In a preferred embodiment, an intermediate layer is provided between the heat exchanger wall and the coating, which brings about a higher adhesive strength. This intermediate layer preferably consists of a thermally conductive metal, preferably chromium, nickel, titanium, molybdenum or vanadium.

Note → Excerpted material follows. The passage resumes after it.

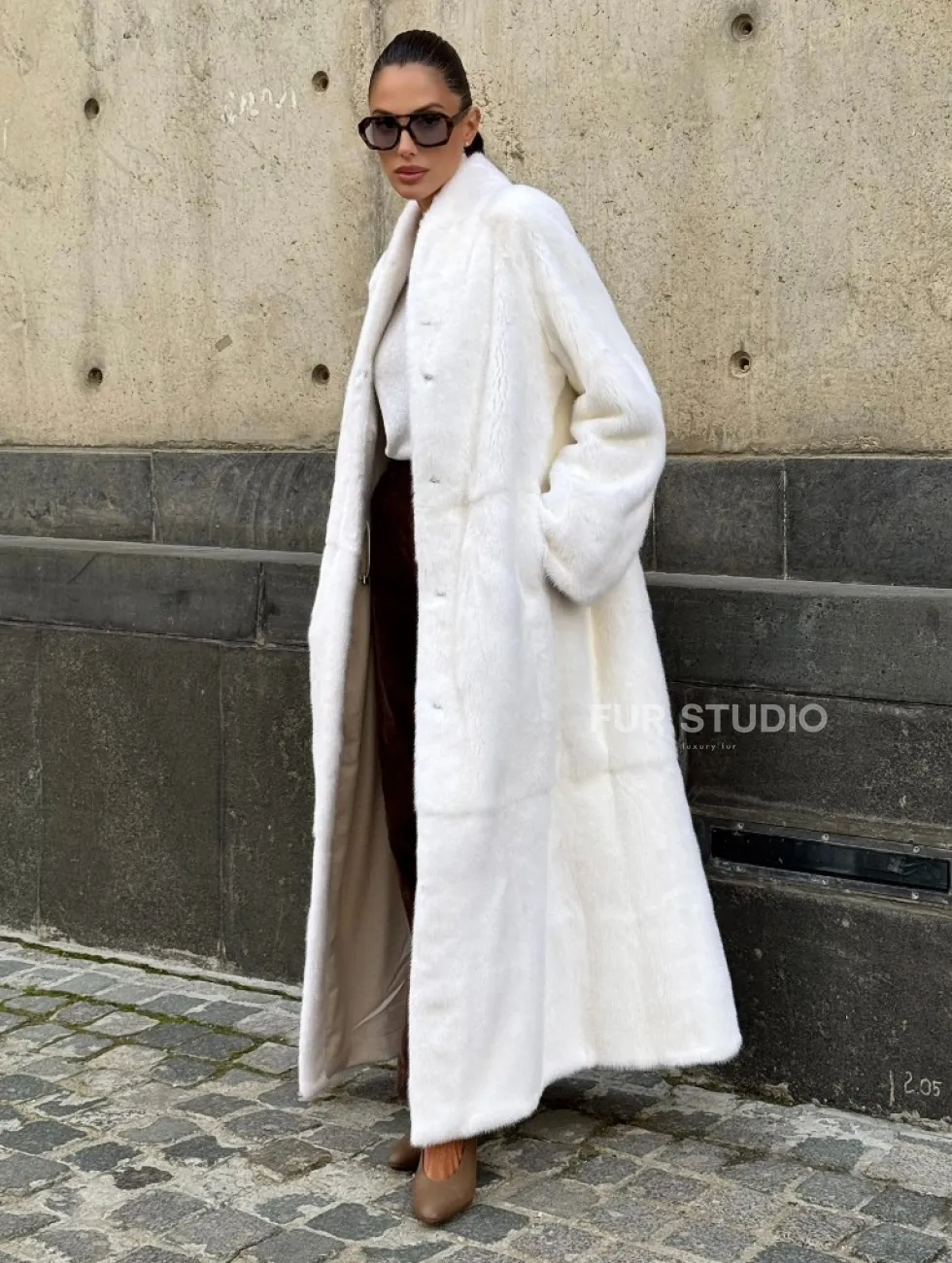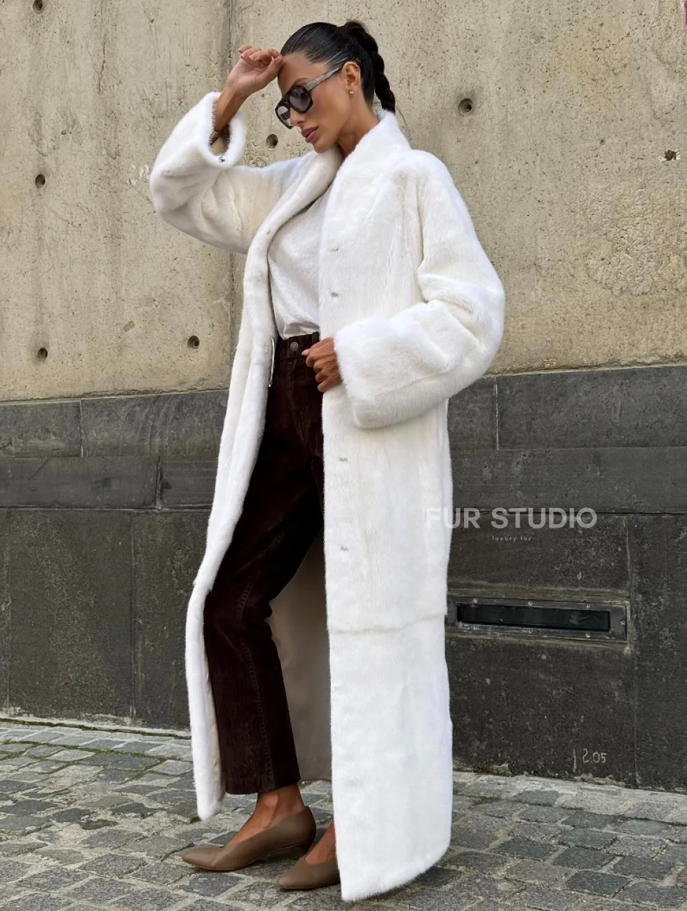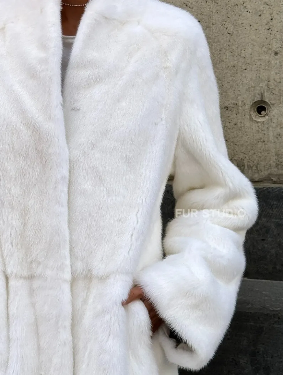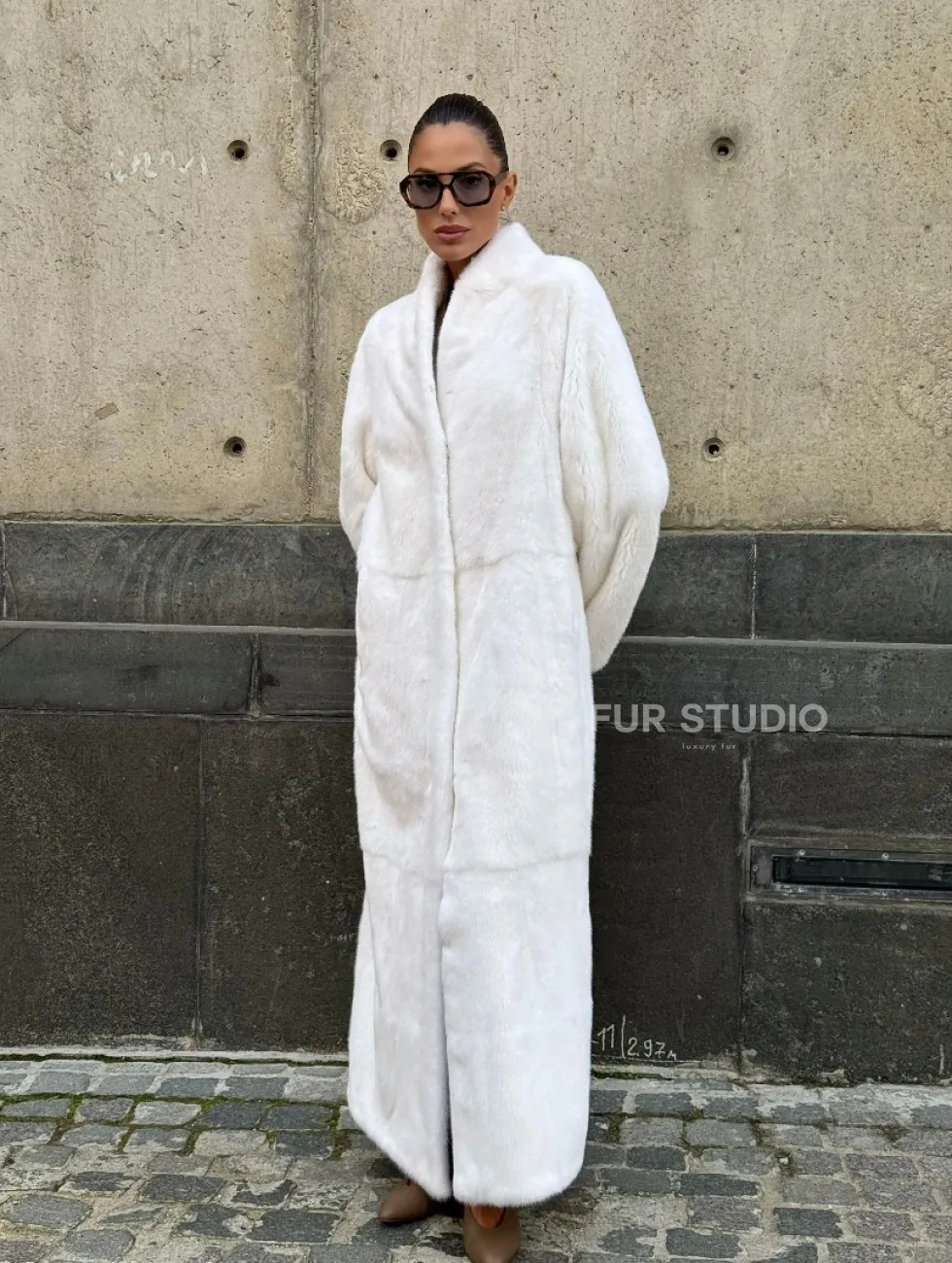 Мех данной шубы аукционная норка, цвет белый. Предлагается в размерах от 42 до 52 (инд.пошив от 54 до 66). Длина модели 125-130 см, что выгодно подчеркивает фигуру девушек. Эта модель идеально подойдет для девушек и женщин, предпочитающих роскошные натуральные меха.

The heat exchanger wall is preferably coated in a vacuum coating chamber, in which titanium, zirconium and / or hafnium are evaporated by means of electron beam evaporation and the elements nitrogen, oxygen, carbon and / or fluorine are added in gaseous form by means of “mass flow controler”. A particularly preferred method is the introduction of the base material of the heat exchanger (plastic or metal) in the form of tape material, which is in rolls, in a vacuum chamber. This vacuum chamber (Fig. 11) consists of a winding mechanism through which the strip material can be rewound from one roll to another in a vacuum. Furthermore, the winding mechanism has at least one, preferably two, deflection rollers through which the strip material can be heated or cooled. The heating rollers are preferably heated by infrared emitters, the cooling rollers are preferably cooled by thermal oil. The strip material is exposed to steam between the deflection rollers.

This steam is generated in a vacuum of approx. 10–5 mBar to which the non-metals of the compound are added as gases, so that the process takes place at a process pressure of approx. 0.1 to 3 * 10 ^" mBar. The gas mixture the supplied non-metals are preferably controlled by means of a “mass flow controler.” It may be advantageous for the process to add a noble gas, such as argon, for example. The metals are preferably vaporized from crucibles by means of electron beam guns. The metals in these are preferred Crucibles mixed in granular form, in the ratio as they are later present in the connection on the strip material. Preferred strip speeds are 1 to 60 m / min, particularly preferably speeds of 6 to 25 m / min. In the case of metallic strips, the strip is heated by means of the heating rollers heated to temperatures of 150 ° C to 450 ° C. For copper, a temperature range of 350 ° C to 420 ° C has proven to be particularly suitable other temperatures in the range of 20 ° C to 80 ° C to choose.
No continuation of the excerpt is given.